The analysis performed indicates a negative association between graft survival (c-peptide level ≥ 0.3 ng/ml) and islet infusion volume, with the caveat that, the progressive reduction of infusion volumes over the years has been paralleled by improved immunosuppressive protocols. A positive association is instead suggested between graft survival and administration of Exenatide and Filgrastim, alone or in combination.
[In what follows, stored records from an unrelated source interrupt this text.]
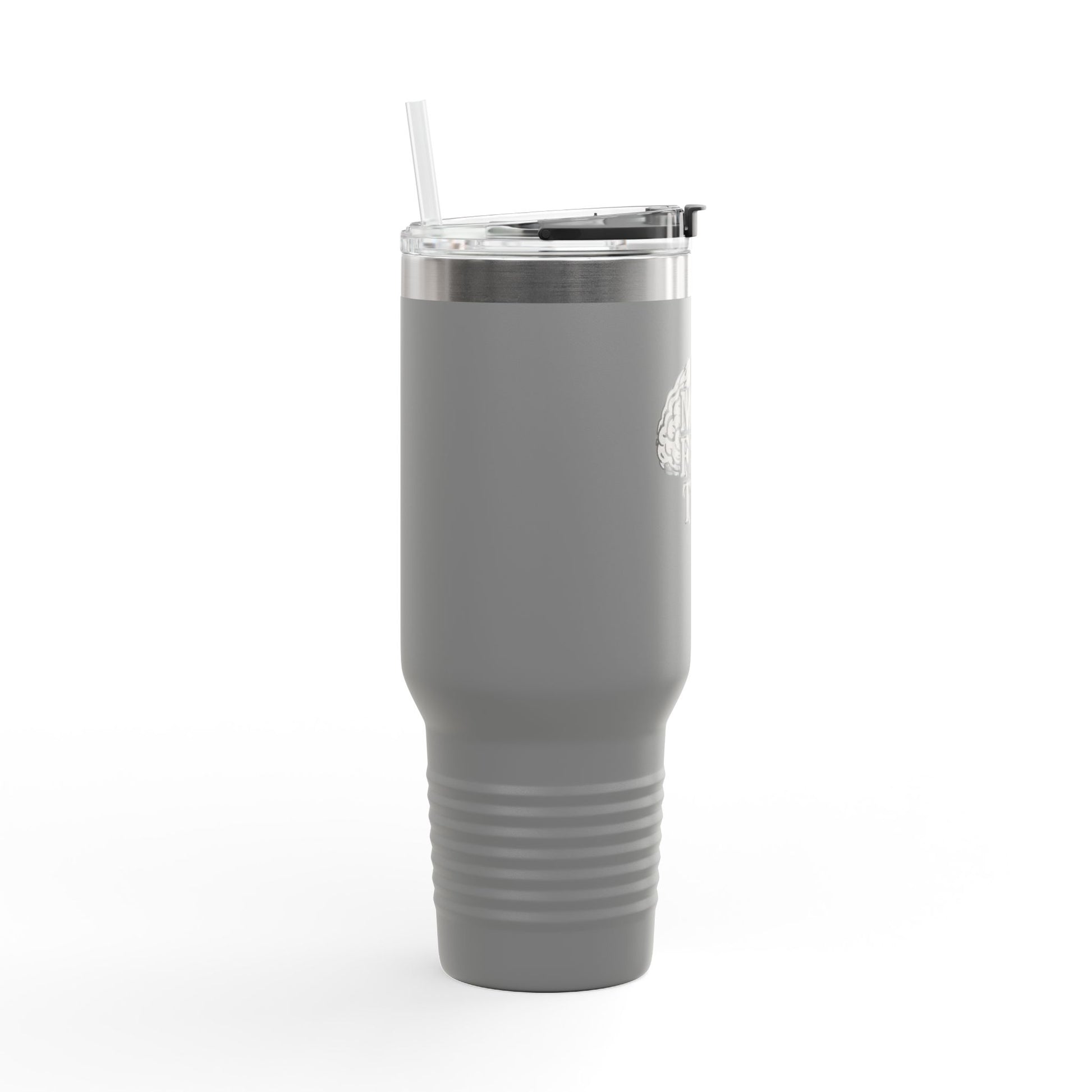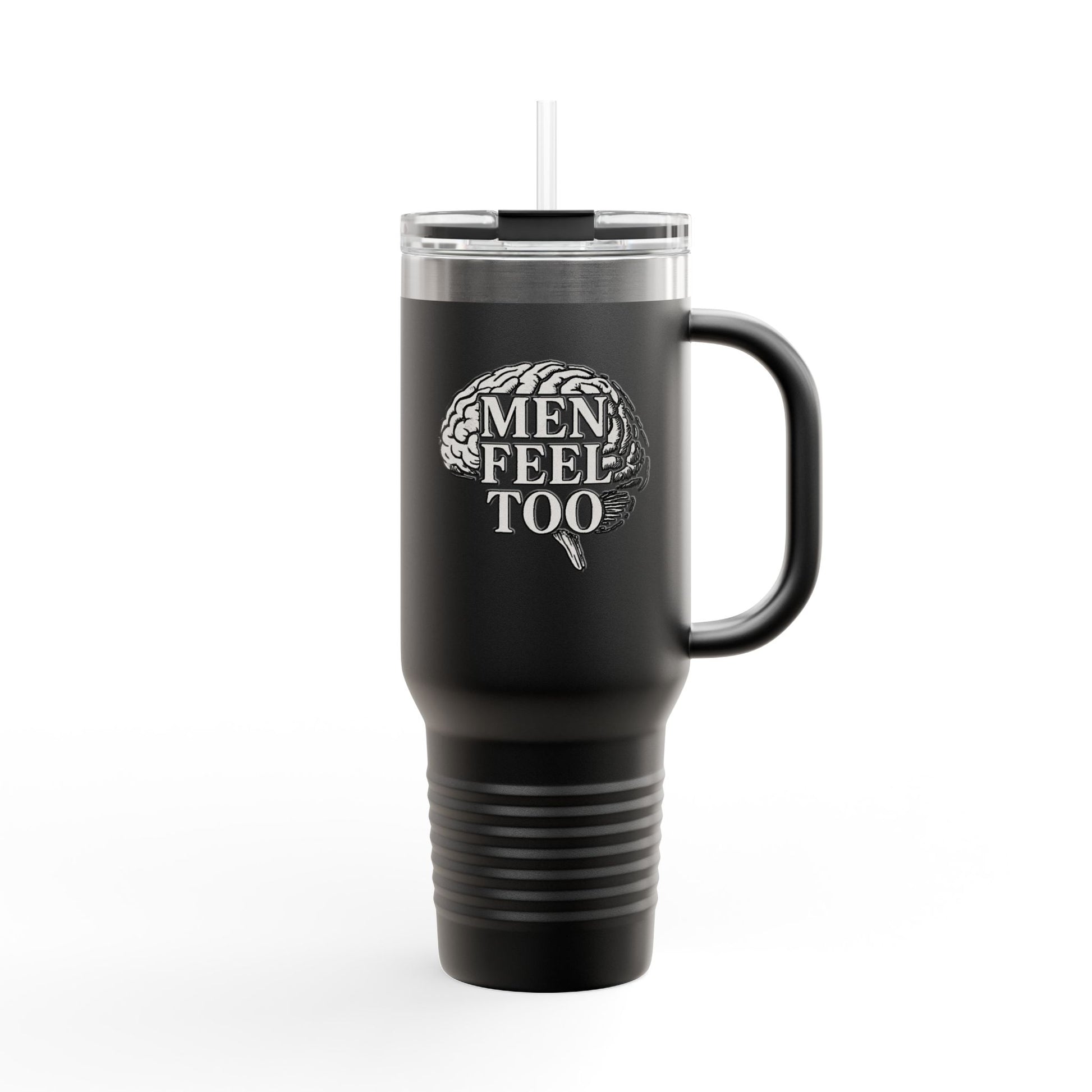 A sturdy, 40oz insulated travel mug designed to keep drinks at the right temperature through long commutes, field days, or quiet mornings at your desk. The substantial stainless-steel body and powder-coated finish stand up to daily use while the ergonomic handle and leak-proof push-on lid make it easy to carry and sip from on the go. The design — a detailed brain illustration with the phrase “Men Feel Too” — speaks directly to those who value thoughtful conversations and emotional honesty. It’s the kind of mug you reach for when you want your coffee or tea to last through deep talks, early starts, or afternoons of focused work. Offered with a reusable straw and in multiple color options, it balances function with a subtle, meaningful statement that fits into everyday life and intentional moments.
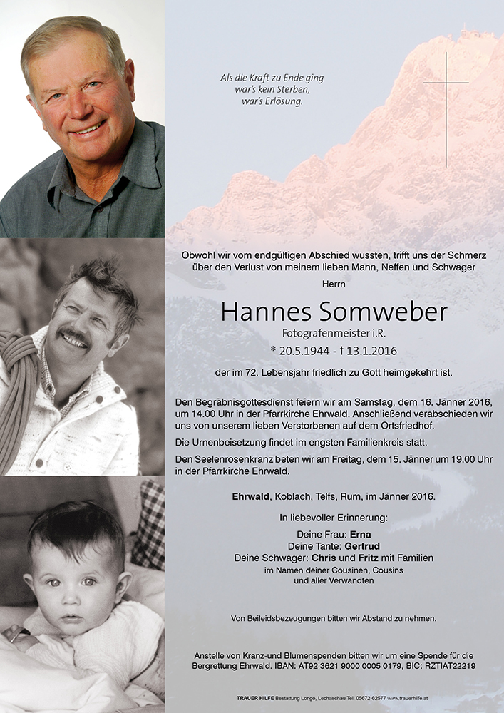 Kondolenzbuch für Hannes Somweber
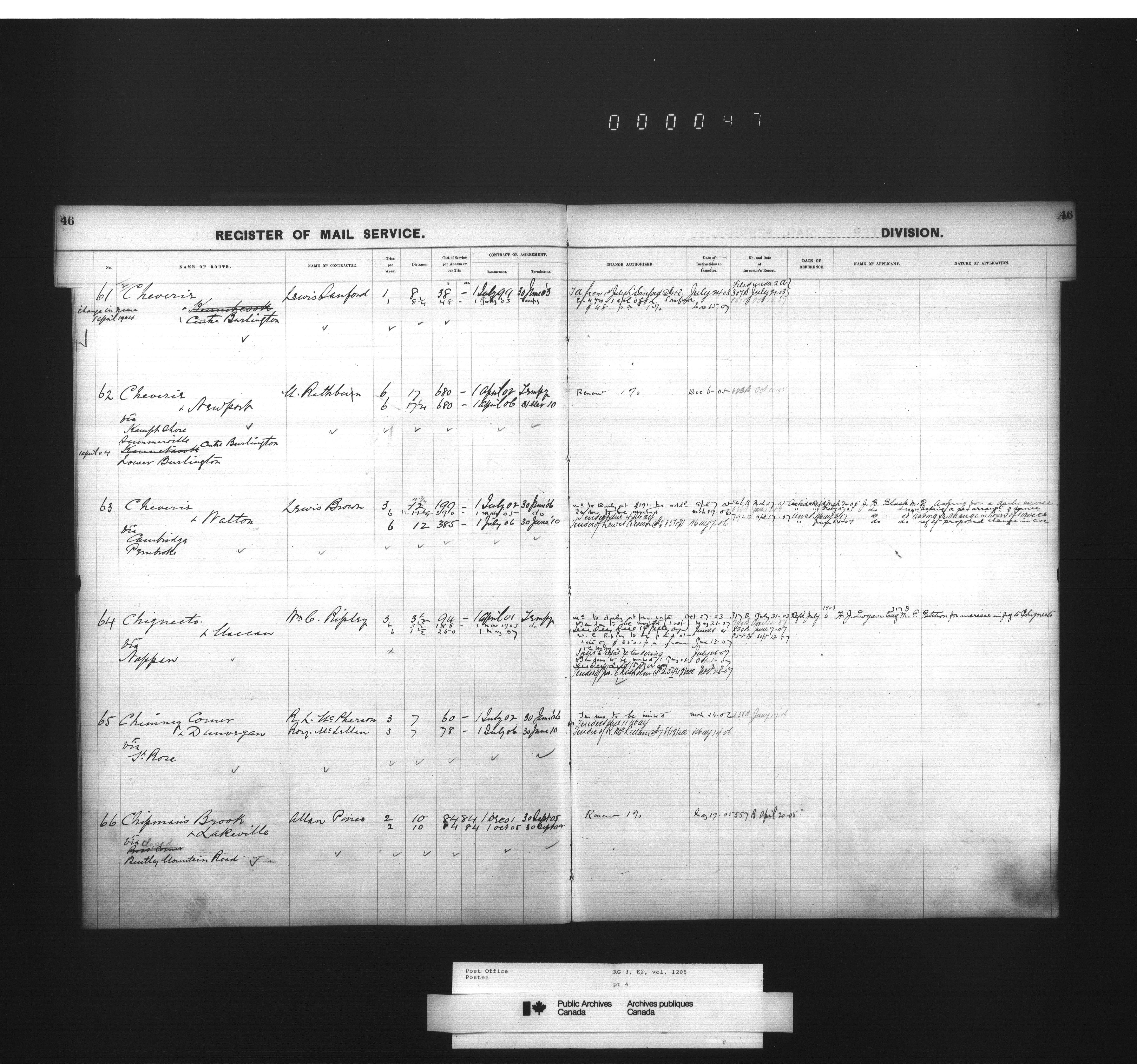 Post Office Department, Transportation Branch : Mail service contract registers - 2053
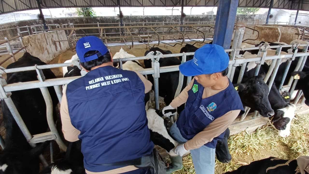 Dinas Peternakan Provinsi Jawa Timur (Disnak Jatim) melakukan vaksinasi Penyakit Mulut dan Kuku (PMK) massal, bagi ratusan sapi perah di wilayah Pujon, Kabupaten Malang, Senin (28/8/2023).
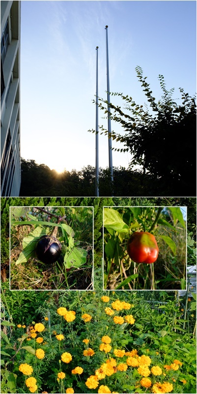 日の出の時刻も遅くなってきました。東の森から朝日が昇りました。ピーマンが真っ赤にパプリカのようでした。
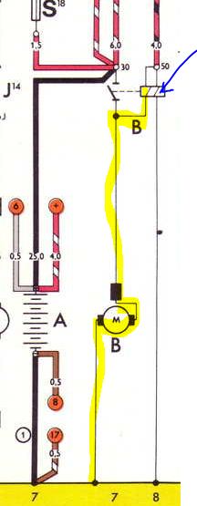 Gelb markiert habe ich die "Zugwicklung" vom Magnetschalter. Hier fließt der Strom bis der Magnetschalter gezogen hat.

This retrospective analysis may be of assistance to further improve long-term outcomes of protocols for transplant of islets and other organs.
同种异体人胰岛移植是治疗1型糖尿病(T1D)患者的有效疗法。全球范围内进行的胰岛移植数量较少,且所采用的移植方案各不相同,这限制了对最有效治疗方案的识别,从而难以提高该方法的疗效。
我们对2000年至2007年间在我院接受胰岛移植的44例T1D患者收集的数据进行了回顾性分析。纳入了几个变量:受者的人口统计学和免疫学特征、供者和移植特征、诱导方案以及接受的其他医学治疗。免疫抑制采用抗CD25(达利珠单抗)单独或与抗肿瘤坏死因子α(TNF-α)治疗(依那西普或英夫利昔单抗)联合诱导,或采用抗CD52(阿仑单抗)与抗TNF-α治疗(依那西普或英夫利昔单抗)联合诱导。部分患者接受非格司亭治疗中度/重度中性粒细胞减少症和/或艾塞那肽治疗餐后高血糖。
所进行的分析表明移植物存活(C肽水平≥0.3 ng/ml)与胰岛输注量之间呈负相关,但需注意的是,多年来输注量的逐渐减少与免疫抑制方案的改善是并行的。相反,移植物存活与单独或联合使用艾塞那肽和非格司亭之间呈正相关。
这项回顾性分析可能有助于进一步改善胰岛和其他器官移植方案的长期效果。